> YOUR INSTRUCTIONS
When you reach the line with "Cozy atmosphere at" in the listing below, write out that line and every one after it exactly, and skip the pictures.

Start of DATA EXTRACT

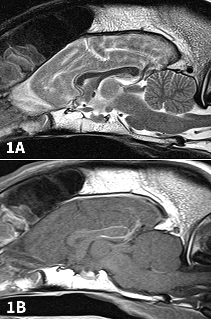 T2-weighted sagittal (A) and contrast-enhanced T1-weighted sagittal (B) MRI scans of a normal dog.
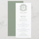 Elegant Formal Monogram Crest Sage Green Wedding Menu
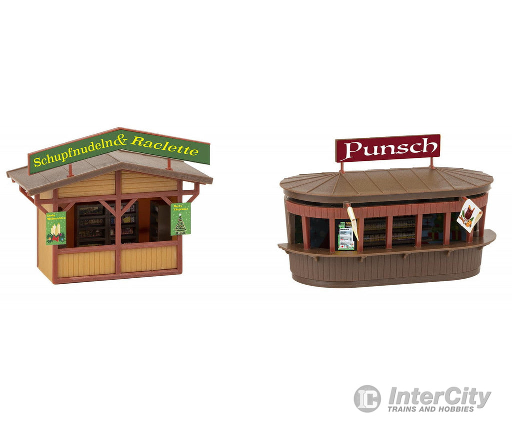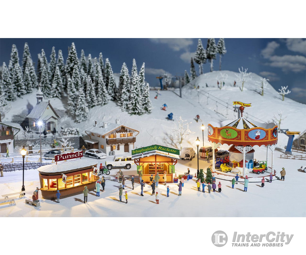 Cozy atmosphere at the Christmas market! Decoration set with two classic Christmas market stalls offering finger noodles, raclette and hot punch. Another experience on the H0 model railroad layout is offered by the X-mas train carousel (not a functional model), which lights up more than just children’s eyes. The carousel can be driven with the Synchronous hobby motor, Art. 180629 (not enclosed).
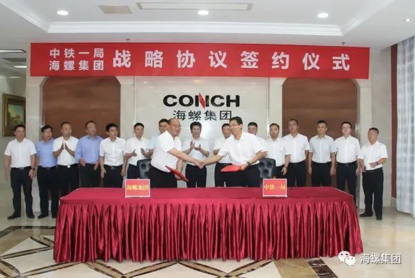 中鐵一局集團黨委書記、董事長馬海民,海螺集團黨委書記、董事長楊軍出席并見證簽約。海螺集團黨委書記、董事長楊軍表示,希望雙方在以往合作基礎上,以點帶面,不斷拓寬合作領域,將戰略合作協議落到實處,實現雙贏。中鐵一局集團黨委書記、董事長馬海民表示,希望雙方深化合作,信息共享、資源共享,發揮各自優勢,開展全方位合作,實現共贏。
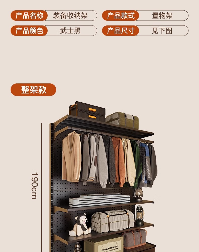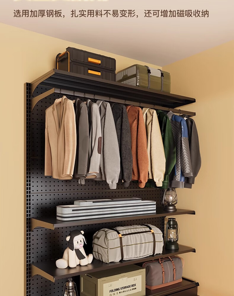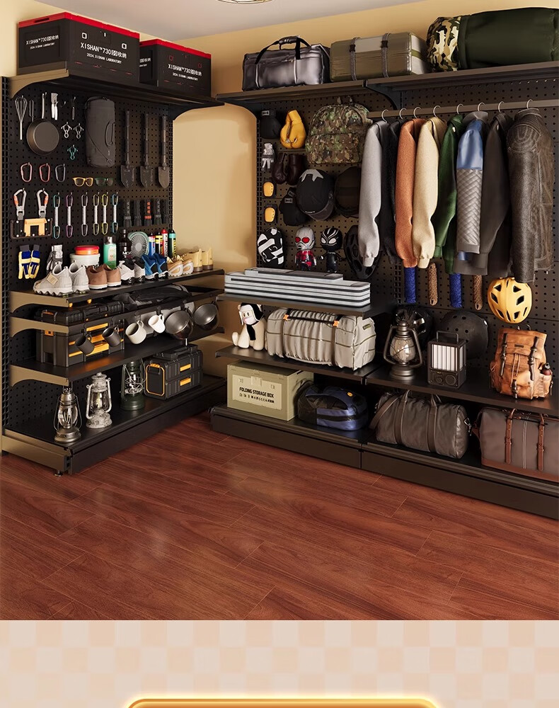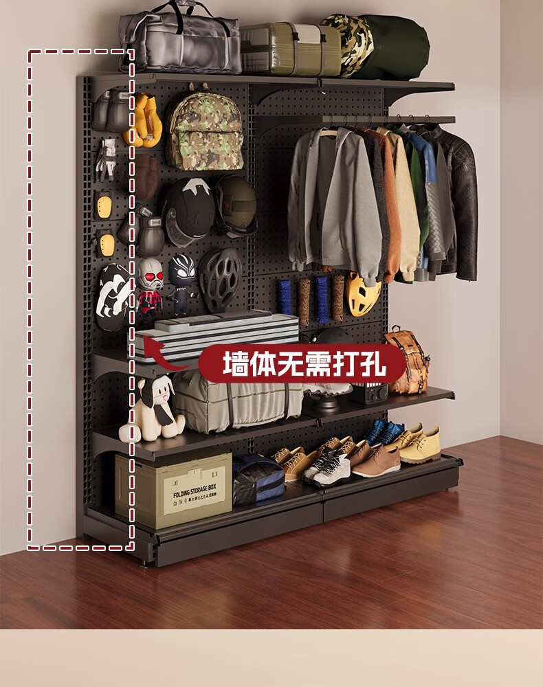 树浩洞洞板置物架免打孔立式储物架户外运动装备收纳架落地挂衣服架子 组合款181*40*190高 5层1挂+赠品

End of DATA EXTRACT

> SOLUTION TO THIS PROBLEM
 Cozy atmosphere at the Christmas market! Decoration set with two classic Christmas market stalls offering finger noodles, raclette and hot punch. Another experience on the H0 model railroad layout is offered by the X-mas train carousel (not a functional model), which lights up more than just children’s eyes. The carousel can be driven with the Synchronous hobby motor, Art. 180629 (not enclosed).
 中鐵一局集團黨委書記、董事長馬海民,海螺集團黨委書記、董事長楊軍出席并見證簽約。海螺集團黨委書記、董事長楊軍表示,希望雙方在以往合作基礎上,以點帶面,不斷拓寬合作領域,將戰略合作協議落到實處,實現雙贏。中鐵一局集團黨委書記、董事長馬海民表示,希望雙方深化合作,信息共享、資源共享,發揮各自優勢,開展全方位合作,實現共贏。
 树浩洞洞板置物架免打孔立式储物架户外运动装备收纳架落地挂衣服架子 组合款181*40*190高 5层1挂+赠品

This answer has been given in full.